▸ **Data supplied**:
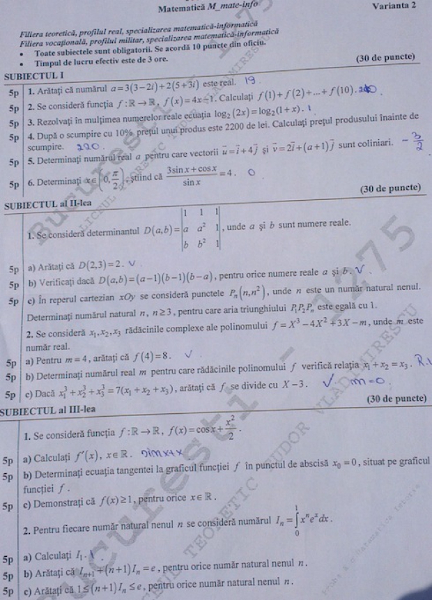 Pentru proba obligatorie a profilului la BACALAUREAT s-au înscris 174.555 de elevi, dintre care cea mai mare parte vor da examenul la MATEMATICĂ - 136.964, iar 37.965 vor susţine proba la ISTORIE. Elevii au la dispoziţie trei ore pentru a rezolva cele trei subiecte. Fiecare subiect este notat cu 30 de puncte.Elevii care dau examen la matematică au de rezolvat până la ora 12.00 VARIANTA 2.
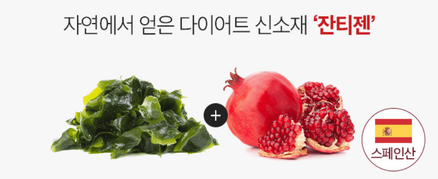 잔티젠은 미역과 석류에서 추출할 수 있는 아주 소량의 귀한 성분을 토대로 만든 성분으로 장기간 섭취를 하여도 안전하다는 결과가 있으며, 이는 체지방 감소에 도움을 준다고 합니다.
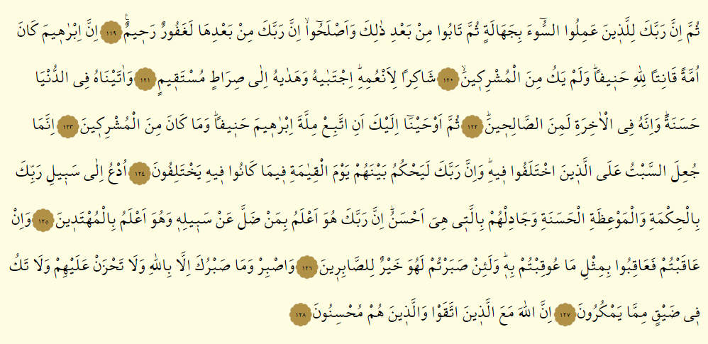 - Sonra muhakkak Rabbin, bir cehaletle kötülük işleyen sonra arkasından tevbe edip düzelen kimselerin lehinedir; şüphesiz ki, Rabbin, bunun arkasından elbette çok bağışlayandır, merhamet sahibidir.
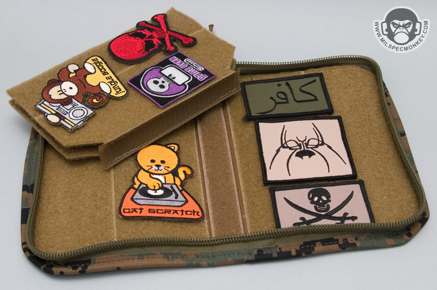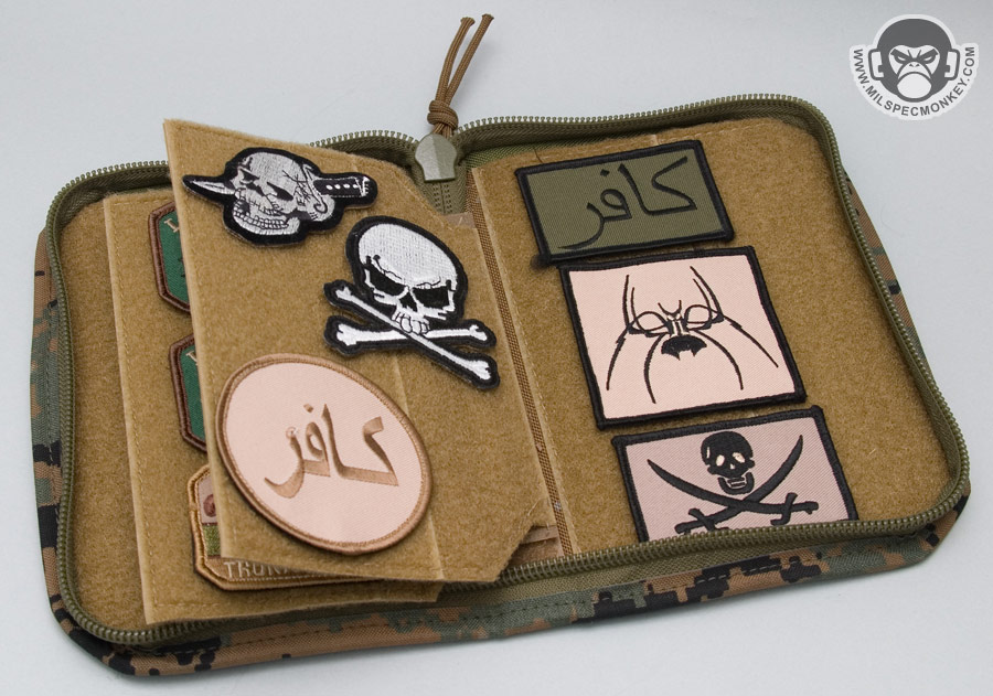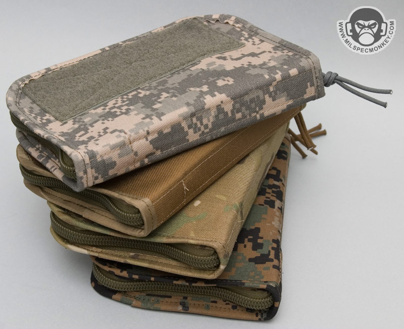 With morale patches not going away anytime soon, Esstac has made a nice patch case for those with collections. The pouch is more of a slim design, but nicely zips up and feels rugged as all Esstac gear. The exterior front has loop velcro for ID or your favorite patch and then the inside is loop city. The interior sides are all loop, but are also sleeves in which extra patches or spare velcro can be stored. The middle has a removable 2 page pannel that is slightly smaller to make closing the pouch easier. A 3 page pannel can be made on request, but when you fill the pouch full of patches, the standard 2 pages is a good fit. One could even use the pouch for other uses by taking out the pannel and using velcro based pouches. Perhaps a nice modular toolkit pouch. Available in UCP, Multicam, Coyote, and Forest Marpat.
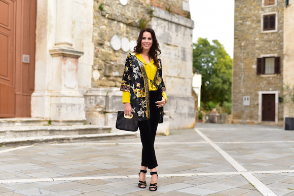 Kot veste narekuje letošnja jesen ogromno žameta, zato mi je bil ta model še posebej pri srcu, in prepričale so me barve, ki jih načeloma zelo malo nosim, z rumeno na prestolu.
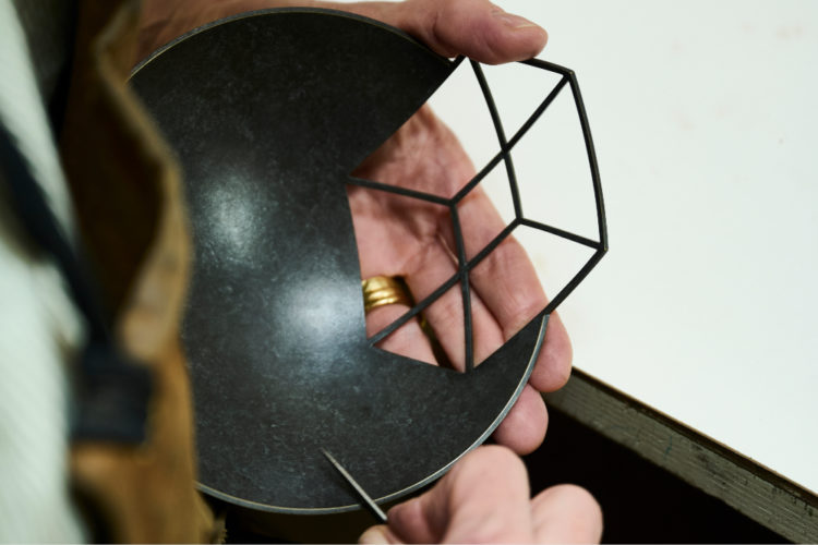 The maker comes from the Scandinavian school of thought where form follows function. "I am not a natural provocateur and it took me a while to evolve a more abstract language and give my practice a more sculptural focus” Having moved away from functionality in her practice, her heritage is still her richest source of inspiration. “Due to its climate and seasons, there is a deeply rooted anticipation and celebration of light in the Scandinavian culture, which is also my greatest source of inspiration. Metal can be a dense, heavy and often dark material and my challenge is always how to break the surface and get the light in. All my work explores the presence and absence of light and the shadows cast.”
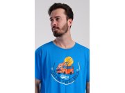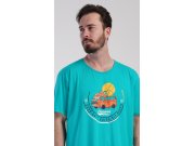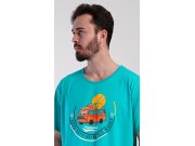 Muška pamučna noćna košulja s kratkim rukavima Adventure. Jednobojna muška noćna košulja s okruglim izrezom i duljinom do koljena ima na prsima sliku kampera i natpis Good days bring big waves. Noćna košulja je prikladan poklon za sve ljubitelje putovanja. Korišteni materijal s udjelom pamuka 100% je ugodan i mekan na dodir.
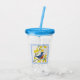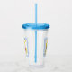 Dieser Acryl-Drink-Krüger mit Stroh und Deckel hat einen niedlichen kleinen roten und blauen Vogel, der auf einem Zweig mit hellgelben Blumen in einem extravagant hellblauen Rahmen sitzt.

▸ **Required action**:
Omit all pictures and repeat the rest of the records verbatim.

▸ **Written reply**:
 Pentru proba obligatorie a profilului la BACALAUREAT s-au înscris 174.555 de elevi, dintre care cea mai mare parte vor da examenul la MATEMATICĂ - 136.964, iar 37.965 vor susţine proba la ISTORIE. Elevii au la dispoziţie trei ore pentru a rezolva cele trei subiecte. Fiecare subiect este notat cu 30 de puncte.Elevii care dau examen la matematică au de rezolvat până la ora 12.00 VARIANTA 2.
 잔티젠은 미역과 석류에서 추출할 수 있는 아주 소량의 귀한 성분을 토대로 만든 성분으로 장기간 섭취를 하여도 안전하다는 결과가 있으며, 이는 체지방 감소에 도움을 준다고 합니다.
 - Sonra muhakkak Rabbin, bir cehaletle kötülük işleyen sonra arkasından tevbe edip düzelen kimselerin lehinedir; şüphesiz ki, Rabbin, bunun arkasından elbette çok bağışlayandır, merhamet sahibidir.
 With morale patches not going away anytime soon, Esstac has made a nice patch case for those with collections. The pouch is more of a slim design, but nicely zips up and feels rugged as all Esstac gear. The exterior front has loop velcro for ID or your favorite patch and then the inside is loop city. The interior sides are all loop, but are also sleeves in which extra patches or spare velcro can be stored. The middle has a removable 2 page pannel that is slightly smaller to make closing the pouch easier. A 3 page pannel can be made on request, but when you fill the pouch full of patches, the standard 2 pages is a good fit. One could even use the pouch for other uses by taking out the pannel and using velcro based pouches. Perhaps a nice modular toolkit pouch. Available in UCP, Multicam, Coyote, and Forest Marpat.
 Kot veste narekuje letošnja jesen ogromno žameta, zato mi je bil ta model še posebej pri srcu, in prepričale so me barve, ki jih načeloma zelo malo nosim, z rumeno na prestolu.
 The maker comes from the Scandinavian school of thought where form follows function. "I am not a natural provocateur and it took me a while to evolve a more abstract language and give my practice a more sculptural focus” Having moved away from functionality in her practice, her heritage is still her richest source of inspiration. “Due to its climate and seasons, there is a deeply rooted anticipation and celebration of light in the Scandinavian culture, which is also my greatest source of inspiration. Metal can be a dense, heavy and often dark material and my challenge is always how to break the surface and get the light in. All my work explores the presence and absence of light and the shadows cast.”
 Muška pamučna noćna košulja s kratkim rukavima Adventure. Jednobojna muška noćna košulja s okruglim izrezom i duljinom do koljena ima na prsima sliku kampera i natpis Good days bring big waves. Noćna košulja je prikladan poklon za sve ljubitelje putovanja. Korišteni materijal s udjelom pamuka 100% je ugodan i mekan na dodir.
 Dieser Acryl-Drink-Krüger mit Stroh und Deckel hat einen niedlichen kleinen roten und blauen Vogel, der auf einem Zweig mit hellgelben Blumen in einem extravagant hellblauen Rahmen sitzt.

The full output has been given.